**Task instructions**
Any picture in the data below gets skipped; print all the rest exactly.

********************

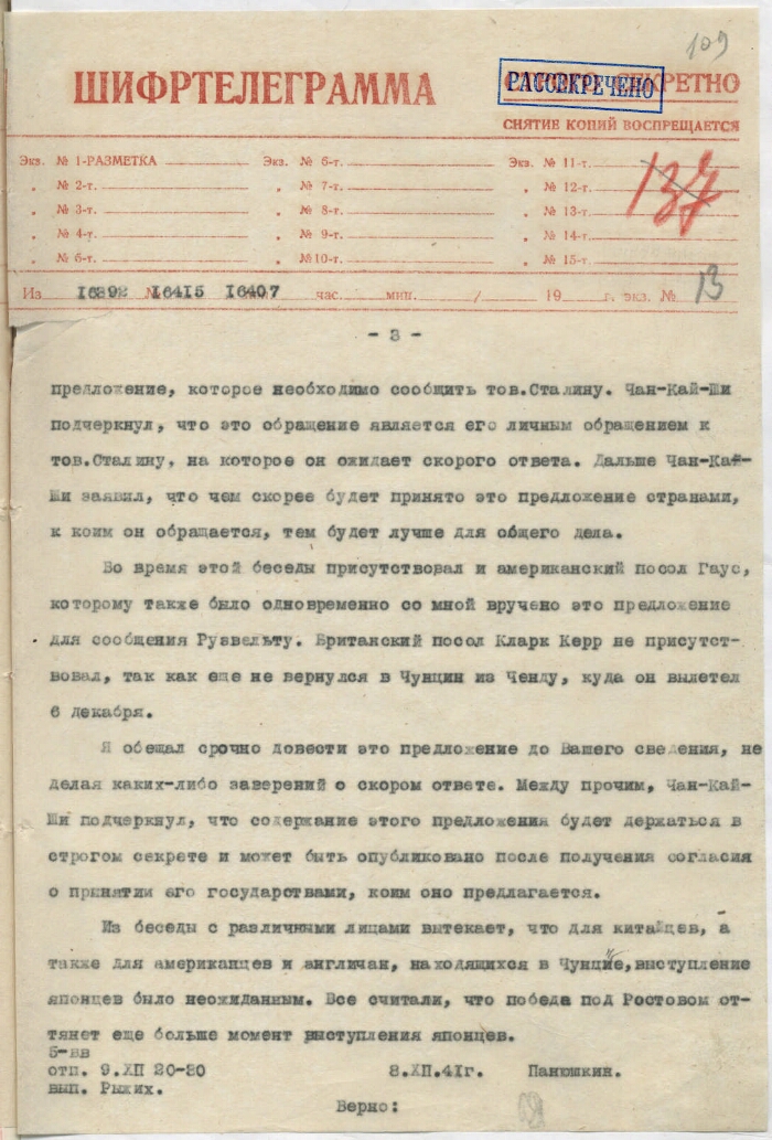 | Заголовок | Шифртелеграмма посла СССР в Китае А. С. Панюшкина И. В. Сталину и в НКИД СССР о беседе с президентом Гоминьдана Чан Кайши по случаю передачи им личного послания И. В. Сталину в связи с нападением Японии на США |
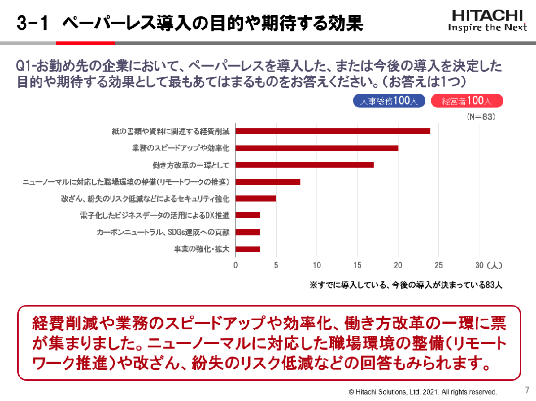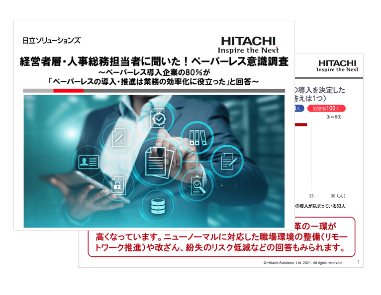 株式会社日立ソリューションズは、「経営者層・人事総務担当者に聞いた!ペーパーレス意識調査」を実施しました。
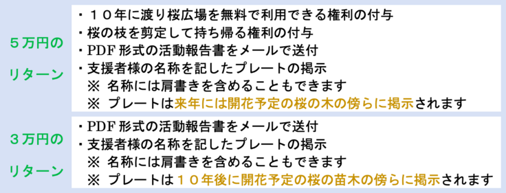5万円のリターンでは「来年には開花予定の桜の木」が対象となっており、3万円のリターンでは「10年後に開花予定の桜の苗木」が対象となっておりますので、ご注意ください。どちらのリターンであっても10年スパンでの計画となっておりますので、長期に渡って当プロジェクトへ関わっていただければ幸いです。
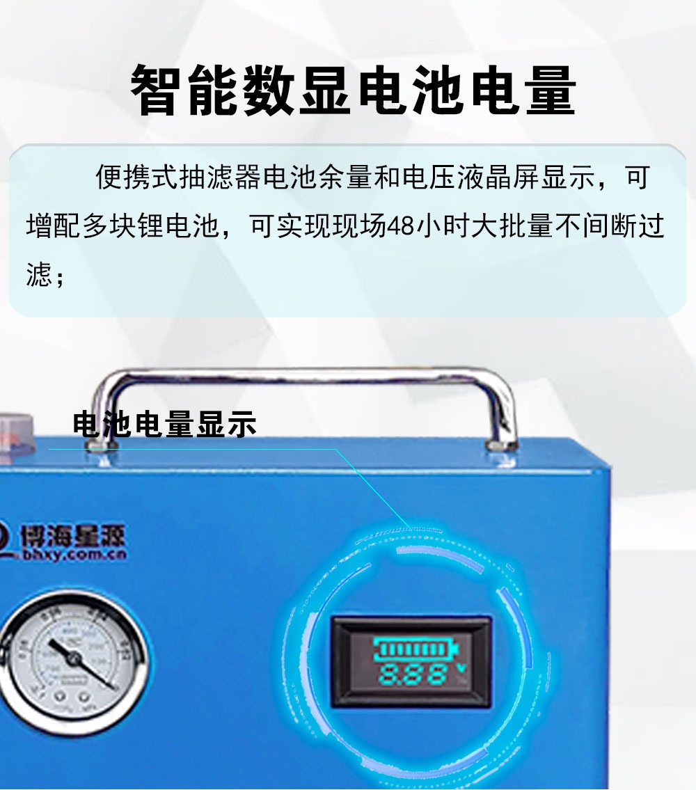 电池余量和电压液晶屏显示,可增配多块锂电池,可实现现场48小时大批量不间断过滤;
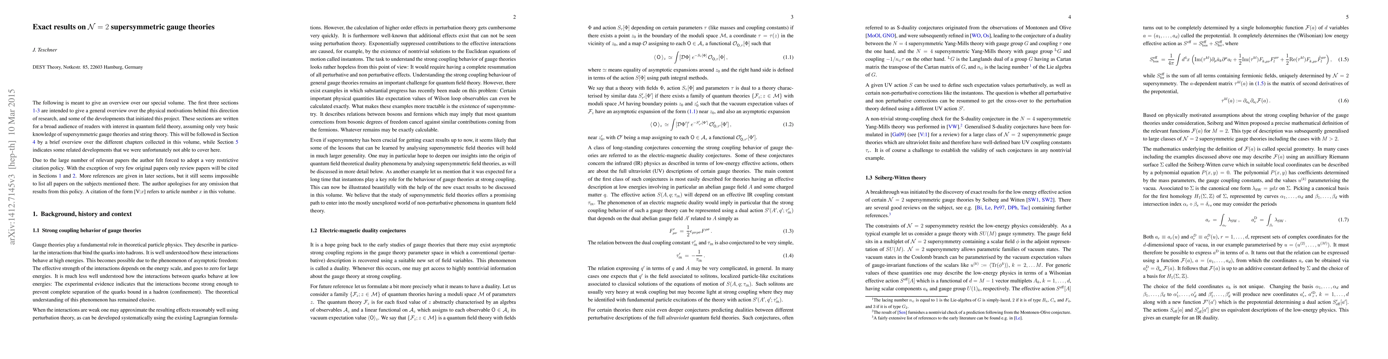 This paper introduces a collection of review articles on exact results in N=2 supersymmetric gauge theories, providing a broad overview of motivations and foundational developments in quantum field theory for a general audience. It also briefly outlines the structure of the volume and mentions related developments not covered.
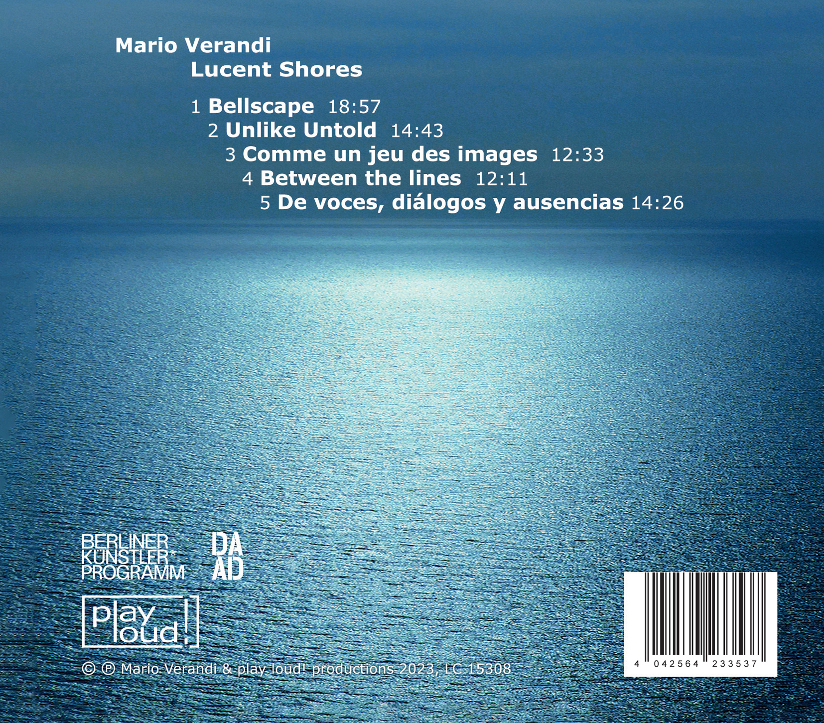 Lucent Shores features Mario Verandi´s electroacoustic music compositions produced between 2002 and 2017. The album complements Verandi´s Orillas Distantes – Distant Shores, an album released in 2001 that contains his early electroacoustic music works (1995 – 2000). The two albums reveal the composer´s strong background in the tradition of acousmatic music whose roots go back to the musique concrète of the 1940s. For the production of the compositions included in this album the composer worked in renowned European institutions such as the ZKM (Zentrum für Kunst und Medien) in Karlsruhe, the INA-GRM (Groupe de Recherches Musicales) in Paris, the Elektronisches Studio TU-Berlin and the Studio für Elektroakustische Musik at the Akademie der Künste in Berlin. These finely crafted compositions use sound material coming from a variety of recordings made in different locations such as the bells of a carillon located in a 42-meter-high tower in Berlin-Tiergarten, diverse machinery and objects from an opera theater in Argentina as well as vocal sounds produced by an actor.
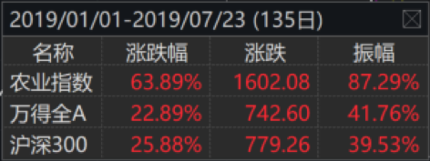 今年以来,A股农业股普遍表现强劲,在非洲猪瘟、贸易摩擦等概念驱动下,农业板块相对大盘有了明显上升。在同期沪深300指数上涨25.88%的情况下,WIND农业指数暴涨了63.89%,最高涨幅甚至接近90%。
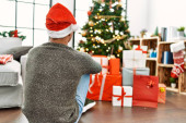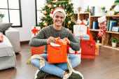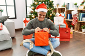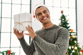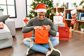 Młody Hiszpan rozpakowuje prezent siedząc przy choince w domu

********************

**Answer to this task**
 | Заголовок | Шифртелеграмма посла СССР в Китае А. С. Панюшкина И. В. Сталину и в НКИД СССР о беседе с президентом Гоминьдана Чан Кайши по случаю передачи им личного послания И. В. Сталину в связи с нападением Японии на США |
 株式会社日立ソリューションズは、「経営者層・人事総務担当者に聞いた!ペーパーレス意識調査」を実施しました。
5万円のリターンでは「来年には開花予定の桜の木」が対象となっており、3万円のリターンでは「10年後に開花予定の桜の苗木」が対象となっておりますので、ご注意ください。どちらのリターンであっても10年スパンでの計画となっておりますので、長期に渡って当プロジェクトへ関わっていただければ幸いです。
 电池余量和电压液晶屏显示,可增配多块锂电池,可实现现场48小时大批量不间断过滤;
 This paper introduces a collection of review articles on exact results in N=2 supersymmetric gauge theories, providing a broad overview of motivations and foundational developments in quantum field theory for a general audience. It also briefly outlines the structure of the volume and mentions related developments not covered.
 Lucent Shores features Mario Verandi´s electroacoustic music compositions produced between 2002 and 2017. The album complements Verandi´s Orillas Distantes – Distant Shores, an album released in 2001 that contains his early electroacoustic music works (1995 – 2000). The two albums reveal the composer´s strong background in the tradition of acousmatic music whose roots go back to the musique concrète of the 1940s. For the production of the compositions included in this album the composer worked in renowned European institutions such as the ZKM (Zentrum für Kunst und Medien) in Karlsruhe, the INA-GRM (Groupe de Recherches Musicales) in Paris, the Elektronisches Studio TU-Berlin and the Studio für Elektroakustische Musik at the Akademie der Künste in Berlin. These finely crafted compositions use sound material coming from a variety of recordings made in different locations such as the bells of a carillon located in a 42-meter-high tower in Berlin-Tiergarten, diverse machinery and objects from an opera theater in Argentina as well as vocal sounds produced by an actor.
 今年以来,A股农业股普遍表现强劲,在非洲猪瘟、贸易摩擦等概念驱动下,农业板块相对大盘有了明显上升。在同期沪深300指数上涨25.88%的情况下,WIND农业指数暴涨了63.89%,最高涨幅甚至接近90%。
 Młody Hiszpan rozpakowuje prezent siedząc przy choince w domu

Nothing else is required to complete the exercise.